Prove that $p-1 \mid p^k(p-2)+1$

Question

How to prove that for prime numbers $p$ and natural numbers $k$, $$p-1 \mid p^k(p-2)+1$$ My initial approach is to check if the numerator is even since the denominator can either be 1 or an even number. Upon inspection, yes. If it is divisible, what could be the form of the divisor... Thanks..

Answer 1

Rearrange:

$$p^k (p - 2) + 1 = p^k (p - 1) + 1 - p^k$$

So it suffices to check that $p - 1 | p^k - 1$. This can be proven by considering

$$p^k - 1 = (p - 1)(1 + p + p^2 + \dots + p^{k - 1})$$

Answer 2

For integer $k\ge0,$ $$p^k-1\equiv0\pmod{p-1}$$ as Why $a^n - b^n$ is divisible by $a-b$?

Alternatively, observe that for integer $k\ge0,$ $$p^k=(p-1+1)^k=\sum_{0\le r\le k}\binom kr(p-1)^r=1+\sum_{1\le r\le k}\binom kr(p-1)^r\equiv1\pmod{p-1}$$ as Proof that a Combination is an integer

Answer 3

Think mod $p-1$:

$p\equiv1\pmod{p-1}$ and $p-2\equiv-1\pmod{p-1}$. Therefore, $$ p^k(p-2)+1\equiv1^k(-1)+1\equiv0\pmod{p-1} $$ That is, $p-1\mid p^k(p-2)+1$.

Answer 4

This is true in a much more general setting, not just for prime numbers and divisibility of natural numbers. Look at the polynomial $f(X) = X^k (X - 2) + 1$ (over whatever ring $R$ you like). Then $f(1) = 1^k (1 - 2) + 1 = 0$. Therefore $X - 1 \mid f(X)$. Plugging in a specific $x \in R$ then also gives $x - 1 \mid x^k (x - 2) + 1$.

Answer 5

In what follows, we assume that $p$ is a prime number and that $k$ is a nonnegative integer.

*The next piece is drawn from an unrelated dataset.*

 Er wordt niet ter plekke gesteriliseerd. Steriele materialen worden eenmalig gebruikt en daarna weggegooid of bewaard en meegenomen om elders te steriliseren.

Still another way to prove that $$p - 1 \mid {p^k}(p - 2) + 1$$ is by showing that $$D(p^k) = \frac{{p^k}(p - 2) + 1}{p - 1}$$ where $D(x)$ is the arithmetic function called the deficiency of $x$, defined as $$D(x) = 2x - \sigma(x)$$ and where $\sigma(x)$ is the sum of divisors of $x$.